- **TASK GOAL**
Transcribe, starting at the line with "2017年10月18日至22" and ending at the line with "会后,副经理孙学阳、地质工程", every line of the material below exactly, but leave out the pictures and anything outside that span.

- **EXERCISE MATERIALS**
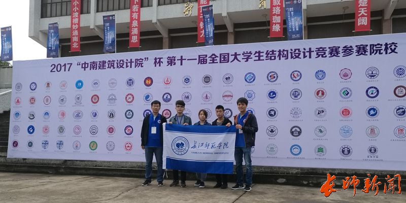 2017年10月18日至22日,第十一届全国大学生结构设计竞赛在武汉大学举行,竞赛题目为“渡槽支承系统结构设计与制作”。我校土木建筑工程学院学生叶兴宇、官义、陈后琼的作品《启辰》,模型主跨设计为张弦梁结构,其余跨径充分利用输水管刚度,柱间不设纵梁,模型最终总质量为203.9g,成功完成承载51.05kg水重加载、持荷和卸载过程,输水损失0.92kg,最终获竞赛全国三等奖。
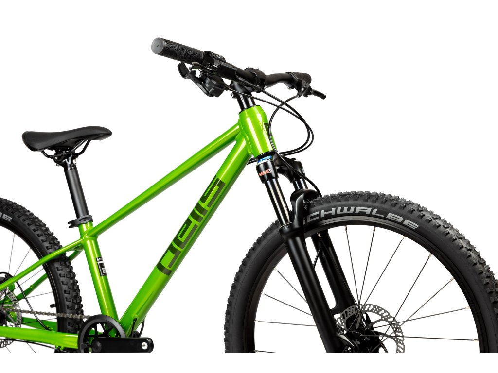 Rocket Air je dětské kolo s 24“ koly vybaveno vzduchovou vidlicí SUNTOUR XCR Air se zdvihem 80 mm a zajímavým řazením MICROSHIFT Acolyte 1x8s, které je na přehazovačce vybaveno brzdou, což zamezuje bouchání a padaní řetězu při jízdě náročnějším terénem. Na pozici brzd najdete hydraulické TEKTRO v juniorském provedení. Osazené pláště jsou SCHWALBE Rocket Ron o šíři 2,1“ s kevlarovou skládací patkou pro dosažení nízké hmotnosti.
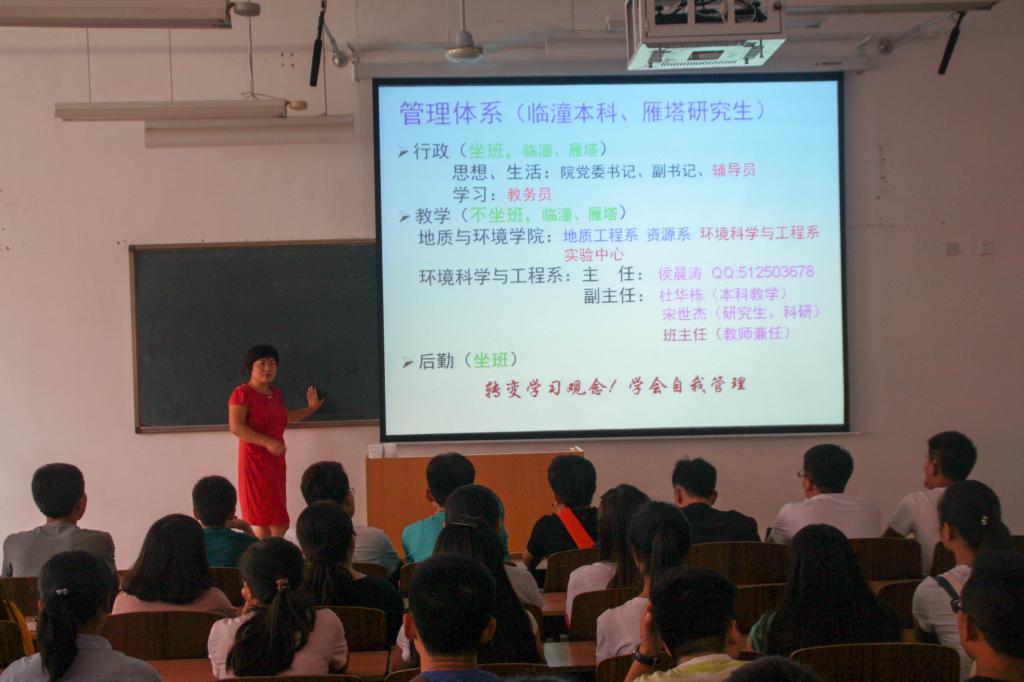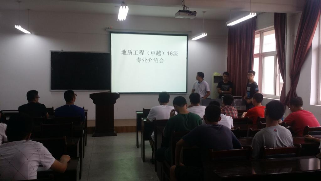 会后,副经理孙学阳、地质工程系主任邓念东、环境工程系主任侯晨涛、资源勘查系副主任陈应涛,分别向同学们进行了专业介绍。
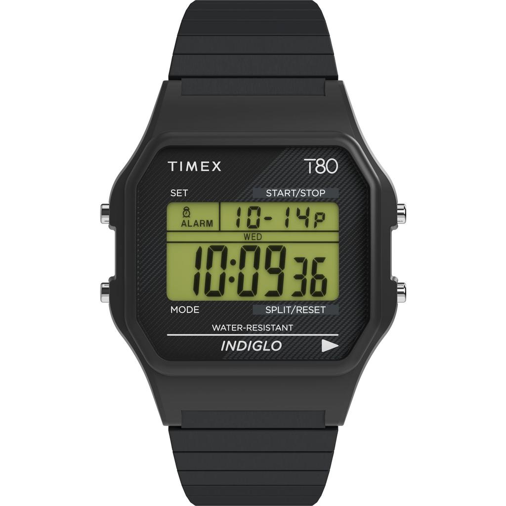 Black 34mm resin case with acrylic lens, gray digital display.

...

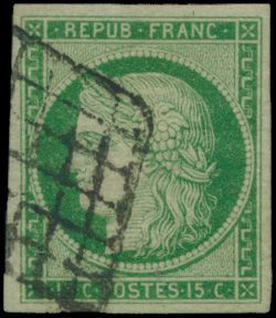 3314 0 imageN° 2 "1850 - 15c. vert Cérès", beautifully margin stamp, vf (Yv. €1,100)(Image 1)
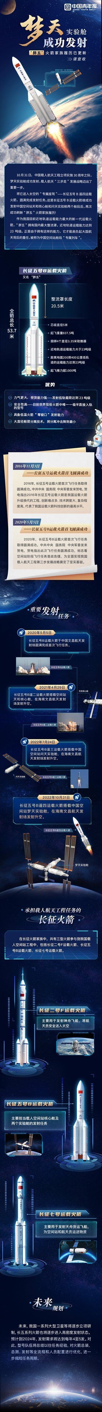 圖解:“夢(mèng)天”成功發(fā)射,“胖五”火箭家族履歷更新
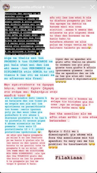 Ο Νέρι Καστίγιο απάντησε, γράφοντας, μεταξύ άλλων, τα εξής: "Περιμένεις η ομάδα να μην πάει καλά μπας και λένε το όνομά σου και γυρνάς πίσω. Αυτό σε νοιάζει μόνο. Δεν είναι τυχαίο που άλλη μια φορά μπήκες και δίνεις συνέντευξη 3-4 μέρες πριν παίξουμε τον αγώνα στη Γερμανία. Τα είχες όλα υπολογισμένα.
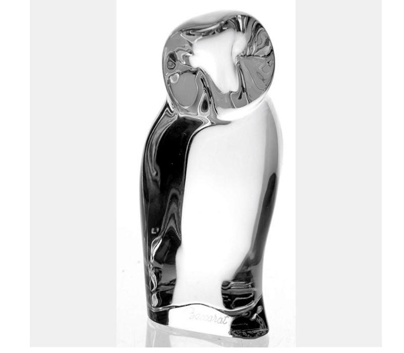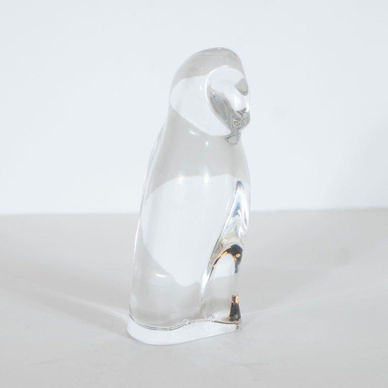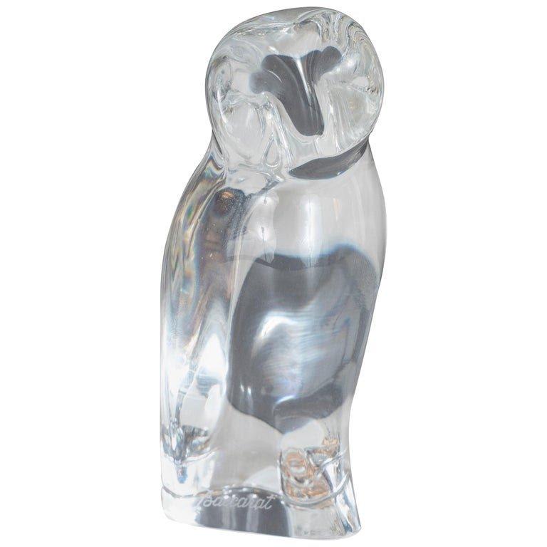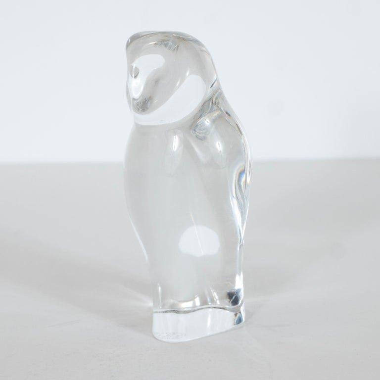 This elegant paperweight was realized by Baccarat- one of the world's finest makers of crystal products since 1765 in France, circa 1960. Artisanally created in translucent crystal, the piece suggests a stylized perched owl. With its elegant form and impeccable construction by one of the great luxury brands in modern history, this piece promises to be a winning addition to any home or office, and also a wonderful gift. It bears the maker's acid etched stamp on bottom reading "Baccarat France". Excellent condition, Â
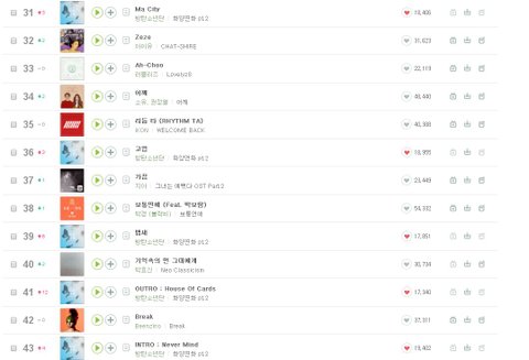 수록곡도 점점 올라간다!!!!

- **FINAL ANSWER**
 2017年10月18日至22日,第十一届全国大学生结构设计竞赛在武汉大学举行,竞赛题目为“渡槽支承系统结构设计与制作”。我校土木建筑工程学院学生叶兴宇、官义、陈后琼的作品《启辰》,模型主跨设计为张弦梁结构,其余跨径充分利用输水管刚度,柱间不设纵梁,模型最终总质量为203.9g,成功完成承载51.05kg水重加载、持荷和卸载过程,输水损失0.92kg,最终获竞赛全国三等奖。
 Rocket Air je dětské kolo s 24“ koly vybaveno vzduchovou vidlicí SUNTOUR XCR Air se zdvihem 80 mm a zajímavým řazením MICROSHIFT Acolyte 1x8s, které je na přehazovačce vybaveno brzdou, což zamezuje bouchání a padaní řetězu při jízdě náročnějším terénem. Na pozici brzd najdete hydraulické TEKTRO v juniorském provedení. Osazené pláště jsou SCHWALBE Rocket Ron o šíři 2,1“ s kevlarovou skládací patkou pro dosažení nízké hmotnosti.
 会后,副经理孙学阳、地质工程系主任邓念东、环境工程系主任侯晨涛、资源勘查系副主任陈应涛,分别向同学们进行了专业介绍。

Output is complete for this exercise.